Anthrax was known as Egyptian Plague caused by Bacillus anthracis. Anthrax estimated to occur worldwide and incidence reaches between 20,000 and 100,000 cases annually.[2],[3] Anthrax has gained its importance because of biological warfare.[4],[5] Transmission of anthrax is animal-soil-animal transmission.[6] Usually, prevalence among Asian countries is much higher.[6] Anthrax is a disease of animals, both domestic and wild. Transmission of infection will be through direct inoculation of spores in skin breach, inhalation of spores, and ingestion of contaminated food.[2],[6] Inoculation through contact occurs mainly among veterinary doctors, zookeepers, and butchers. Clinical features will be seen after 2–3 days of incubation.[6],[7] Patients will show small papules in the skin, vesicle around the central lesions. By the 3rd day, considerable local edema will be seen with lymphadenopathy. Lesions will resolve spontaneously in 80%–90% of the patients slowly over a period of 2–6 weeks.[8] Usually, inhalation of contaminated spores from hides lead to disease. The risk is more in wool makers – shepherds; so, is called as a wool-sorter's disease. Soon after a short incubation, patient will suffer with fever, chills, and feel short of breath and has higher mortality (95%). Prompt antibiotic therapy makes survival of patient possible.[8],[9],[10] In African countries because of contaminated meat consumption, intestinal anthrax may develop; which is rare, elsewhere in the world.[7] Many patients may present nonspecifically with diarrhea, vomiting, and fever but recover spontaneously.[2],[3] Sometimes, lesions occur in the oropharynx because of contaminated meat ingestion which causes severe, life-threatening edema and bacteriemia.[6]

 Diagnosis of Anthrax

It can be carried out through bacteriological (Sheep blood agar culture), serological, and immunological tests (titers of antibody to protective antigen and capsular components). New molecular diagnostic techniques use polymerized chain reaction specific to beta-anthraces.[7] Markers such as VrrA and Ba813 have been studied extensively for the diagnosis.[11]

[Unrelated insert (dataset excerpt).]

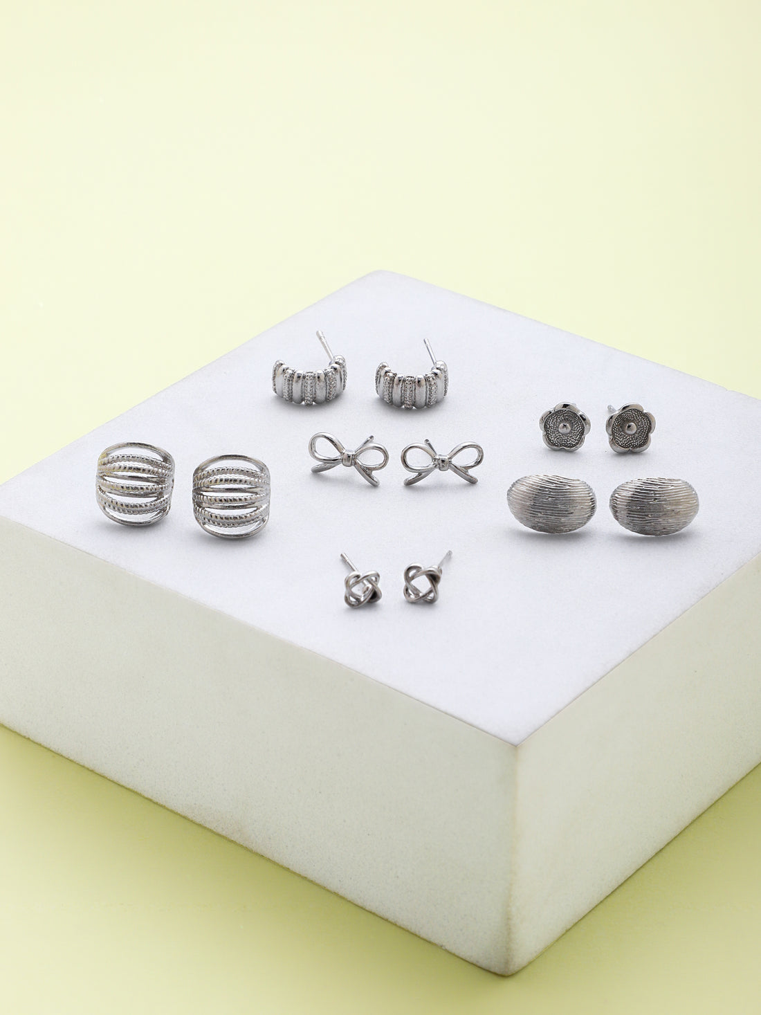 Set Of Six Silver Plated Studs Earrings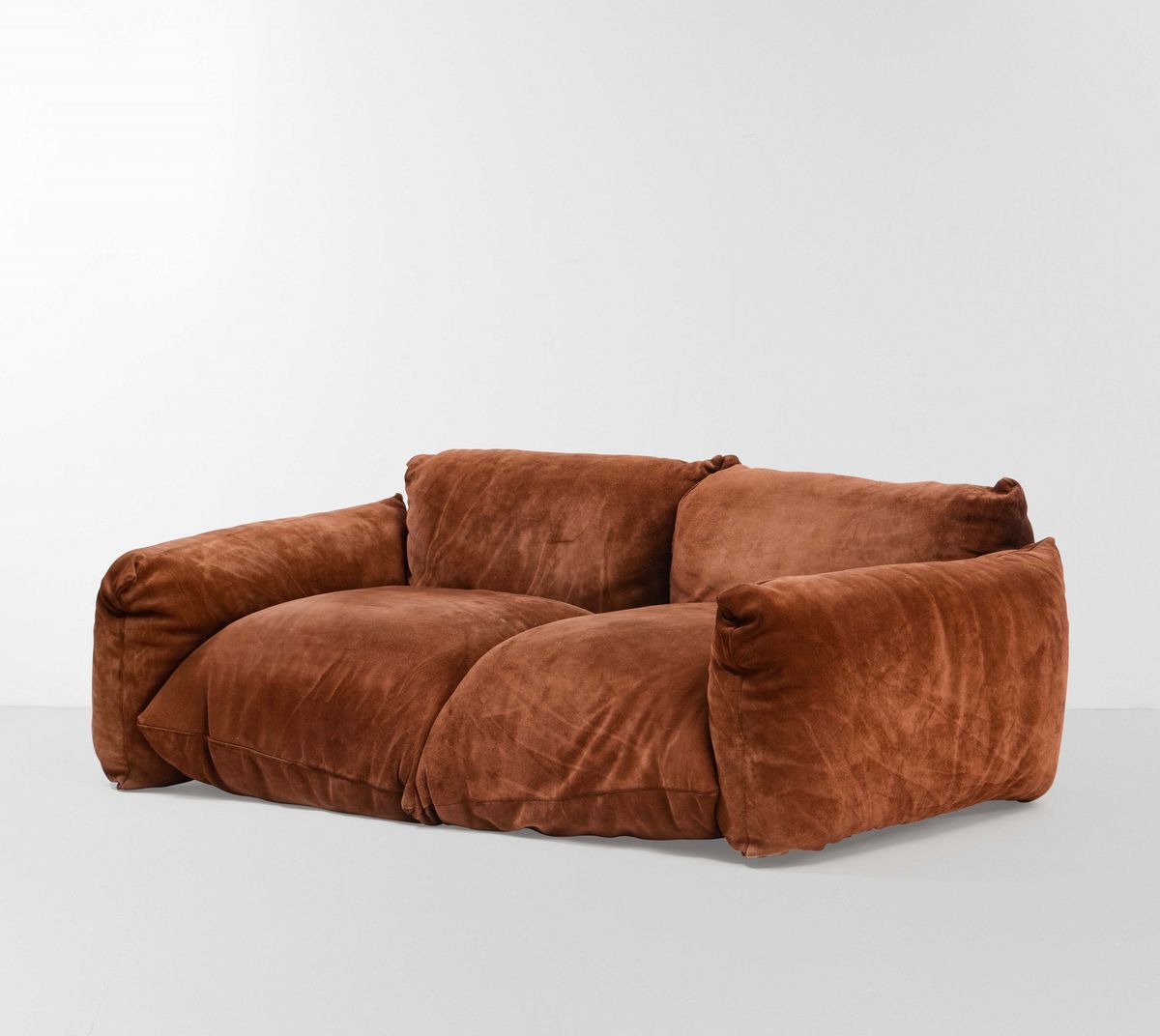 Divano mod. Marenco con struttura in metallo e rivestimenti in pelle scamosciata.

Penicillin remains proven drug; early antibiotic administration is essential in survivors. The antibiotic should be prolonged because nongerminated spores remain in alveoli for weeks. The regimen for postexposure and active disease can be read elsewhere.[8]

 Global Scenario of Vaccination for Prevention

In 1881, Louis Pasteur successfully developed anthrax vaccine. Later in 1935, Max Stern developed attenuated live vaccine, which is used in livestock; but it is not safe for human use because of virulence.[12],[13] At present, Advisory Committee on Immunization Practices recommends five doses of AVA (anthrax vaccine adsorbed) developed by Americans.[10] Primary dose of 0.5 ml intramuscular (IM) at 0, 4 weeks and later 6, 12, and 18 months (preexposure prophylaxis) followed by annual booster dose. This vaccine is recommended for unvaccinated people, but those exposed to anthrax should be given three subcutaneous doses.[8],[10] First one as soon as possible, second and third doses at 2nd and 4th week after the first dose. In pregnant women, the timeline will be same with subcutaneous administration.[9]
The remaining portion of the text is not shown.